Their analysis is based upon the extended Roy model, with two sectors, non-pecuniary factors and uncertainty in future earnings. $$ Y_0 = X'\beta_0 + \varepsilon_0 \ Y_1 = X'\beta_1 + \varepsilon_1 \ D = 1{ -\delta_0 + X'(\beta_1 - \beta_0 - \gamma_0) + \eta_{\Delta} > 0 } $$ where $\varepsilon_k = \eta_k + \nu_k$, $\eta_{\Delta} = \eta_1 - \eta_0$, and $X \perp (\eta_1, \eta_0)$. The young person knows $\eta_k$ at the time they make their decision but not $\nu_k$.

@dhaultfoeuille_inference_2013's method is a 3-step procedure that relies on $\eta_k$ linking the outcome ($y_k$) and choice ($D$) equations. The 3 steps are as follows: 1) estimate $\zeta_0 = \frac{\beta_1 - \beta_0 - \gamma_0}{\beta_{11} - \beta_{01} - \gamma_{01}} \Rightarrow \zeta_{01} = 1$, where $x_1$ is some continuous $x \in X$. Use @coppejans_estimation_2001 approach. 2) estimate $\beta_1$ and $\beta_0$ via @newey_two-step_2009's series estimator (which involves using the index from step-1 and its power series as a control function). 3) estimate ($\delta_0$ and $\gamma_0$) via @dhaultfoeuille_inference_2013's novel method.

Step 1 (we could also use a logit or probit here)

Estimating $\zeta$.

Probit and logit estimation for comparison

benefitVars <- c(
  'betterJob', 'betterPay', 'betterOpp', 'need4Career', 'showSkills',
  'delayWorkGd', 'socialLifeGd', 'leaveHomeGd', 'keepStudy', 'moreQuals',
  'persDevel', 'moreConfid', 'moreRespect', 'betterLife', 'prepareLife'
)

costVars <- c(
  'tooExpensive', 'getDebt', 'parentsMoney', 'notFinancIndep', 'notWorkEarn',
  'costsGen', 'noGuaranteeGdJb', 'notNeed4Career', 'lessExp', 'tooHard',
  'leaveHomeBad', 'tooLong', 'wasteTime', 'feesEtc', 'stress'
)

xControls <- c(
  'w4SOCMajorMP', 'w4ethgrpMP',
  'w4hiqualgMP', 'W5AlevNoYP', 'W5EMA1YP',
  'W4AlevNoYP', 'w4sexMP', 'W4SexYP',
  "cogScore"
)

# regression predicted wages
logitControlsFit <- c(benefitVars, costVars, xControls)

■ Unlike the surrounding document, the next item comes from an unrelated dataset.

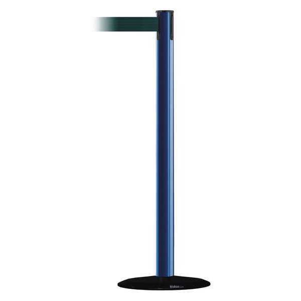 Barrier Post with Belt, Maximum Overall Height 38 in, Legend No Legend, Legend Color Not Applicable, Number of Belts 1, Belt Length 13 ft, Belt Width 2 in, Belt Color Green, Belt Pattern No Pattern, Post Color Blue, Product Type Stanchion, Minimum Overall Height Not Applicable, Post Diameter 2 1/2 in, Post Material Metal Alloy, Post Finish Powder Coated, Base Type Basic, Base Diameter 14 in, Base Material Cast Iron, Base Finish Black ABS No Scuff Cover, Base Color Black, ADA Compliance Yes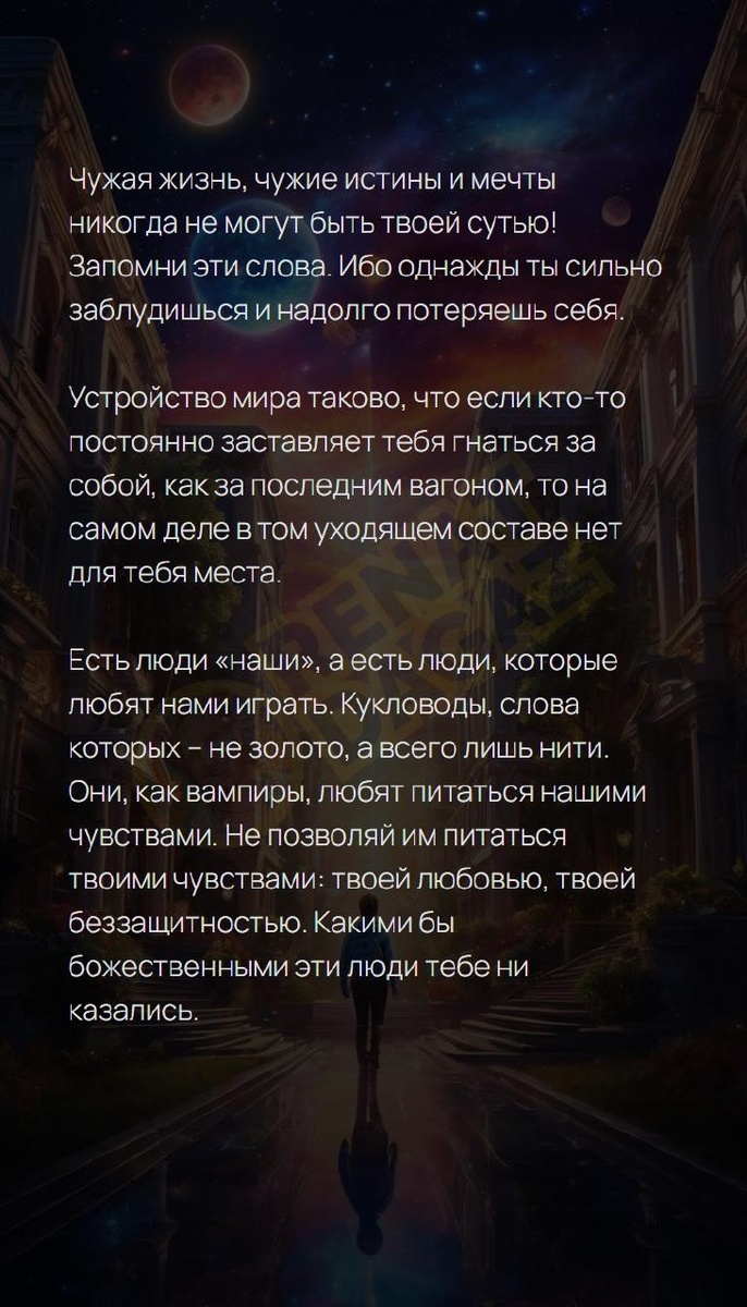 Чужая жизнь, чужие истины и мечты никогда не могут быть твоей сутью! Запомни эти слова. Ибо однажды ты сильно заблудишься и надолго потеряешь себя. Устройство мира таково, что если кто-то постоянно заставляет тебя гнаться за собой, как за последним вагоном, то на самом деле в том уходящем составе нет для тебя места. Есть люди «наши», а есть люди, которые любят нами играть. Кукловоды, слова которых – не золото, а всего лишь нити. Они, как вампиры, любят питаться нашими чувствами. Не позволяй им питаться твоими чувствами: твоей любовью, твоей беззащитностью. Какими бы божественными эти люди тебе ни казались. Архитектура вашей души | Архитектура вашей души T | VK | Pin | YouTub | Dzen #истина #вселеннаяслышит #начало #квантовыйскачок #подсознаниеможетвсе #момент #путьксебе #энергиядня #блог #14число #14февраля

step1Formula <- as.formula(
  paste0('degree ~ ', paste0(logitControlsFit, collapse = ' + '))
)

step1Probit <- glm(
  step1Formula,
  data = dtLsype4dHM,
  na.action = na.exclude
)

summary(step1Probit)

step1Logit <- glm(
  step1Formula,
  data = dtLsype4dHM,
  family = binomial(),
  na.action = na.exclude
)

summary(step1Logit)

Mixture of distributions (MOD) estimator (@coppejans_estimation_2001)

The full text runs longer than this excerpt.